[Data records]
★ ★ ★

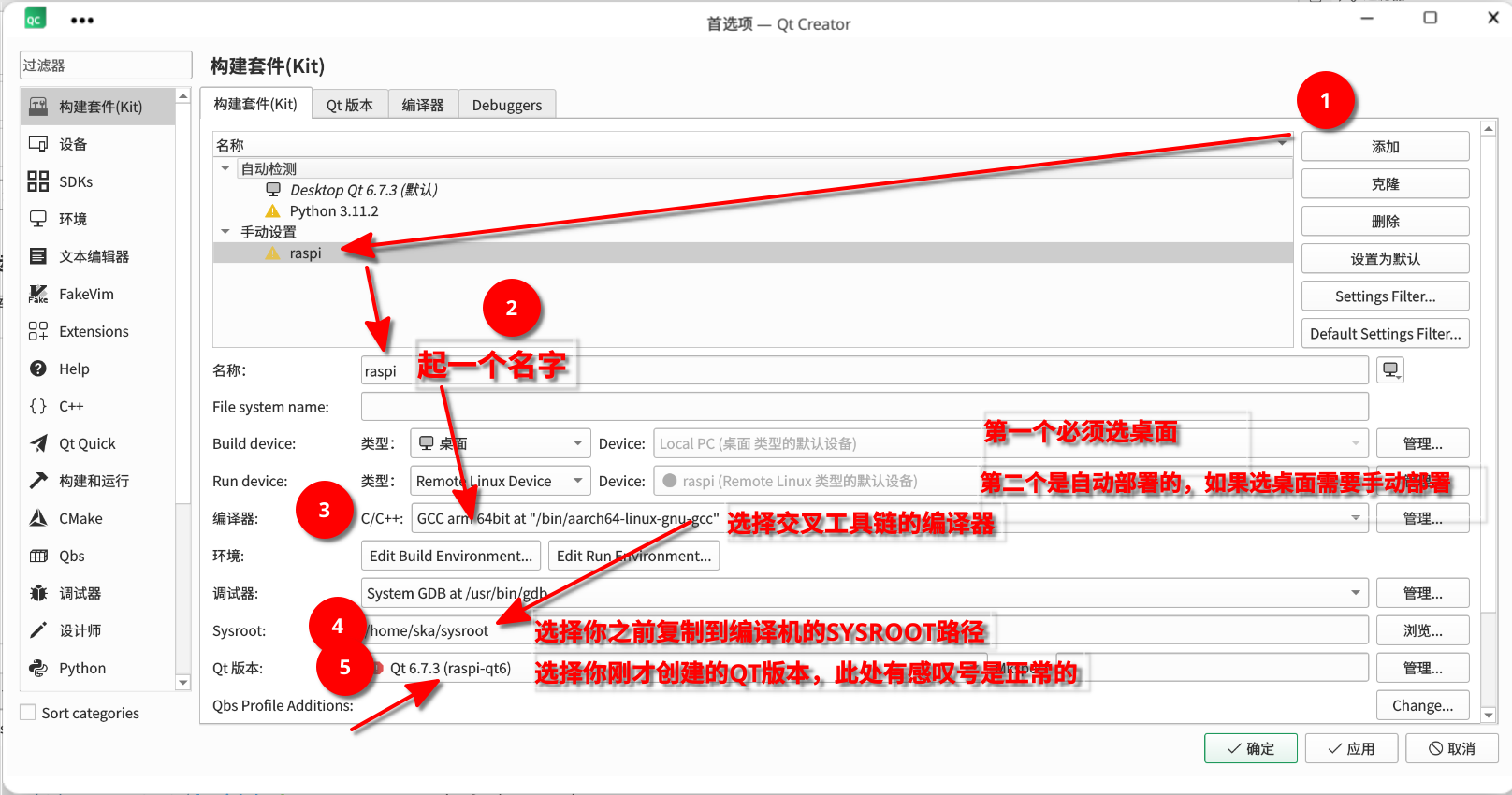/home/ska/Qt/6.7.3/Src创建工具链配置文件:
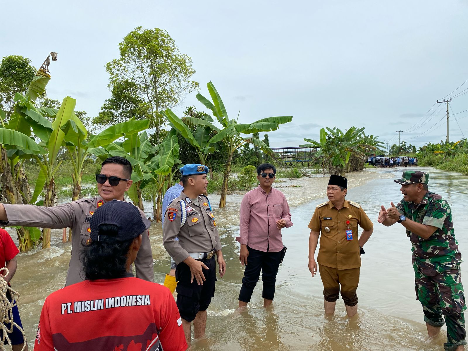 Kukar – Forkopimcam Kenohan bersama Polsek Kenohan melakukan pengecekan akses jalan poros Sekampar-Kota Bangun yang terputus akibat banjir di Kecamatan Kenohan. Pengecekan dilakukan pada Senin (21/4/2025).
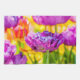 Violet coloré, violet, tulipes roses sur un lit à fleurs. Presque toutes les couleurs arc-en-ciel présentes. Scène florale lumineuse et positive. Photographie macro.
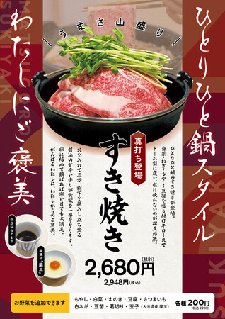このたび、オープン当初からたくさんの客様からリクエストいただいておりました【すき焼き】の販売を開始致しました。
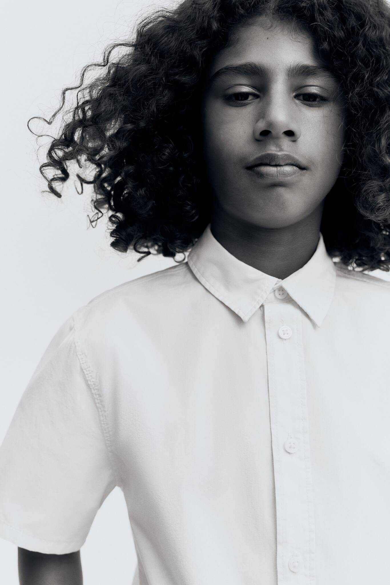 Рубашка с короткими рукавами из хлопкового поплина, отложным воротником и пуговицами спереди.
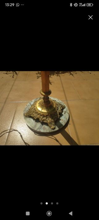 Elegante lámpara de pie con un diseño vintage y acabados dorados. - Base circular de mármol.
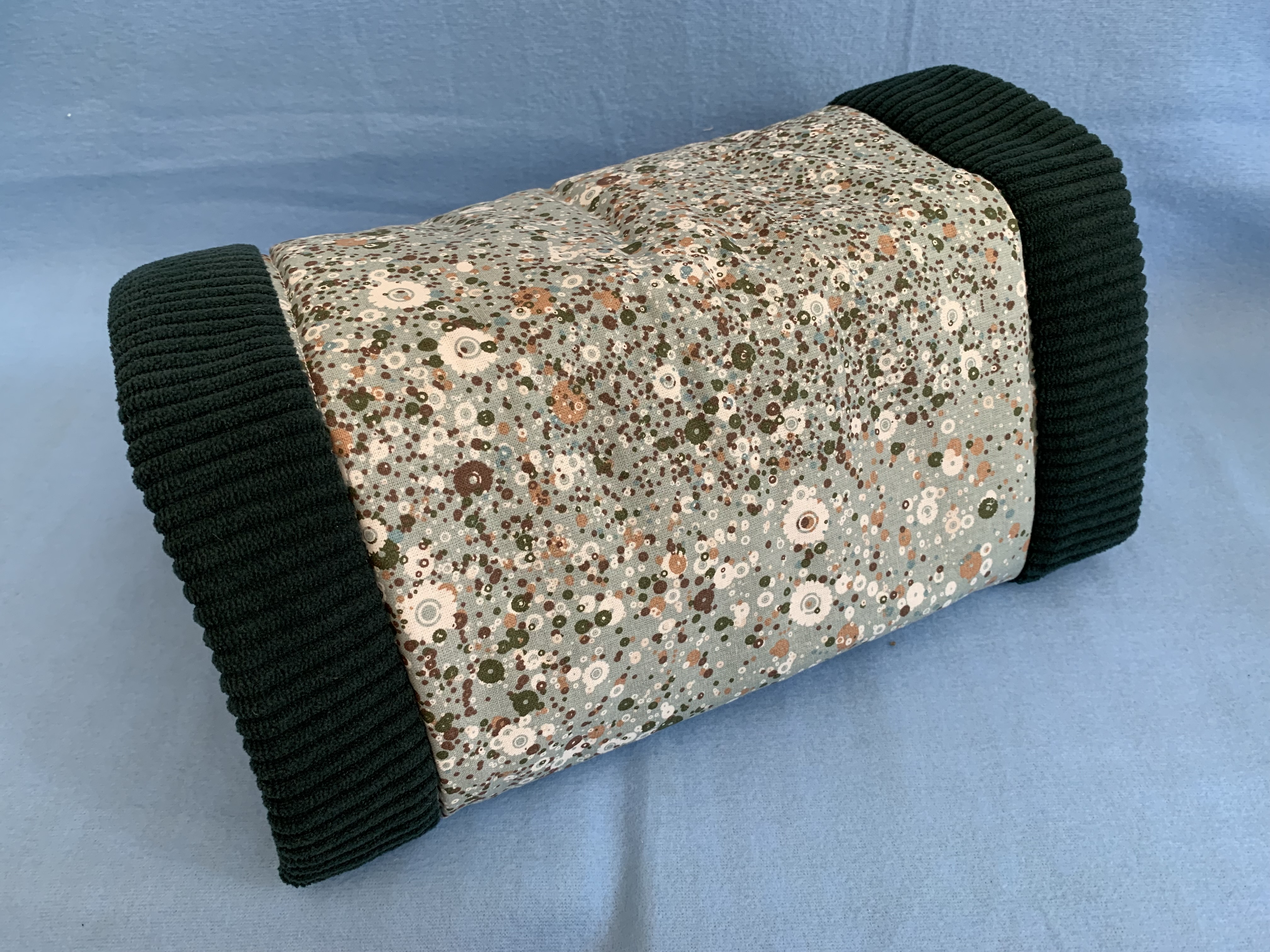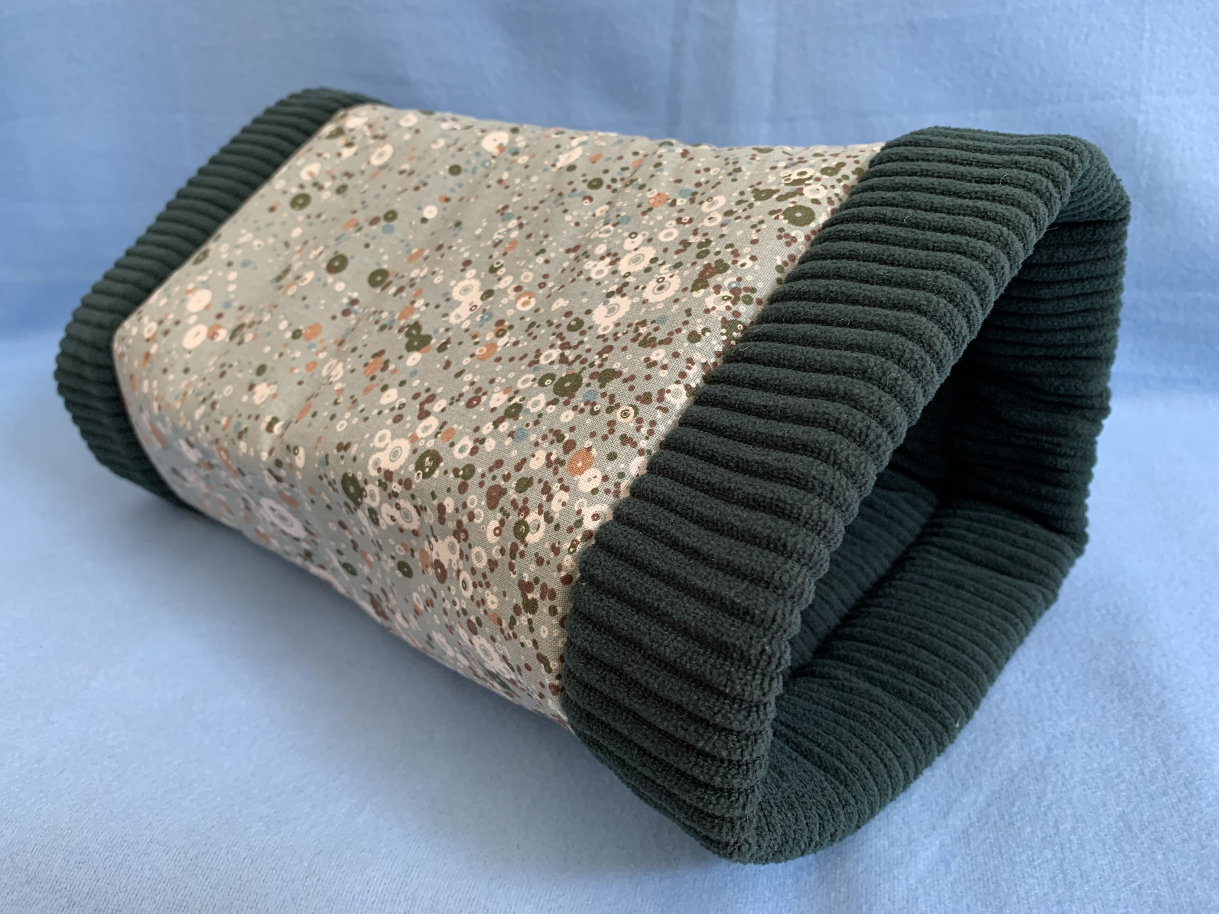 Die Kuschelrolle "Dandelion" besteht außen aus einem Baumwollstoff in Braun- und Grüntönen mit Blumenoptik. Innen ist sie mit einem gemütlichen Cordstoff in dunkelgrün ausgepolstert. Diese Kombination sieht besonders edel aus. Dazwischen ist eine dicke Lage Volumenfleece eingenäht, damit Schwein noch gemütlicher liegt. Durch den umgenähten Rand bleibt die Rolle gut offen (auch ohne Plastikschlauch drin). Alle Rollen können unbedenklich bei 30 Grad in die Waschmaschine aber bitte nicht in den Trockner.
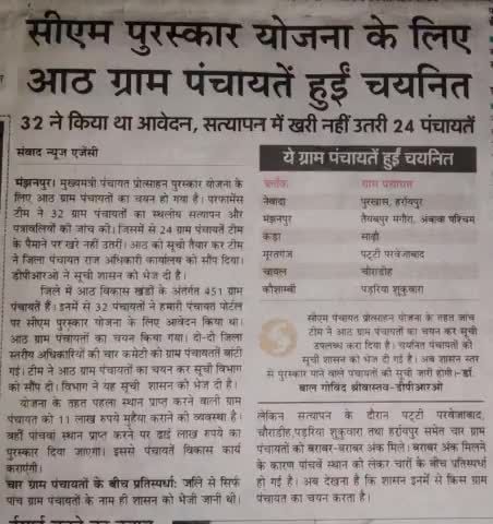 चायल: राम प्रकाश ग्राम प्रधान हर्रायपुर नेवादा कौशांबी की ग्राम पंचायत का नाम भी सीएम पुरस्कार प्रतिस्पर्धा में शामिल
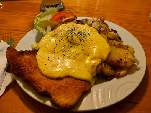 Read moreKann die guten Bewertungen nicht nachvollziehen. Zuerst zum bestellen muss ein Qr Qode gescannt werden. Dieser hat bei uns nicht funktioniert. Bei Nachfrage ob wir eine Karte haben können wurde gesagt, nur auf der Internetseite oder wir gehen raus wo die Karte hängt. Hatten diese dann von der Internetseite raus gesucht. Ich hatte ein Cheeseburger und ein Jägerschnitzel bestellt. Mein Freund ein Putensteak mit Spätzle. Mehr Fertiggericht geht nicht. Das Putensteak war noch ok. Das Burger Patty war kalt. Soße fertig Burger Soße aus dem Supermarkt. Das Brötchen vermittelt auch keine hohe Qualität. Dachte ich mir so, bei dem Schnitzel kann es ja nicht schlechter werden. Leider war dies doch der Fall. Der Geschmack war garnicht ansprechend. Der einzige Vorteil, es war wenigstens durch. Die Bratkartoffeln labbrig, teilweise etwas glibberig. Ein Trost mag die große Portion gewesen sein, ob man das Essen dann aufessen möchte, beleibt jeden selbst überlassen. Zudem ein absolutes NO Go. Die Herren Toiletten. Der Boden war klebrig, dreckiger Film auf den Toiletten. Wer aus dem Local was positives ziehen möchte, I DON‘T KNOW. Evt. Abends ein Beer trinken. Da gibt es aber auch bessere Locations. Hingehen werden wir aber definitiv...
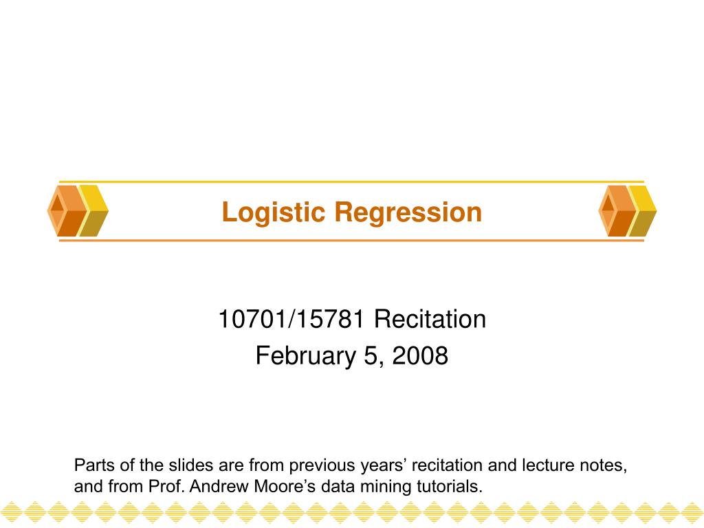 Logistic Regression. 10701 /15781 Recitation February 5, 2008. Parts of the slides are from previous years’ recitation and lecture notes, and from Prof. Andrew Moore’s data mining tutorials. Discriminative Classifier. Learn P(Y|X) directly Logistic regression for binary classification:
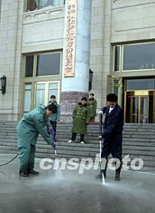 工作人員二十三日在北京人民大會堂門外清理地面灰塵,迎接將于三月初召開的第十屆全國人民代表大會與全國政協(xié)十屆會議。作者:毛建軍
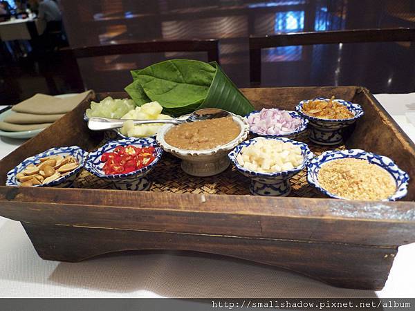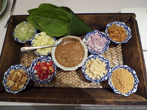 吃法咧...就是拿一葉上方的波菜葉, 先塗上中間的泰式甜麵醬,

★ ★ ★

• TO DO
Your reply should hold nothing but the lines above, from the one containing "このたび、オープン当初からた" to the one containing "Elegante lámpara de", reproduced exactly minus the pictures.

• EXERCISE RESULT
このたび、オープン当初からたくさんの客様からリクエストいただいておりました【すき焼き】の販売を開始致しました。
 Рубашка с короткими рукавами из хлопкового поплина, отложным воротником и пуговицами спереди.
 Elegante lámpara de pie con un diseño vintage y acabados dorados. - Base circular de mármol.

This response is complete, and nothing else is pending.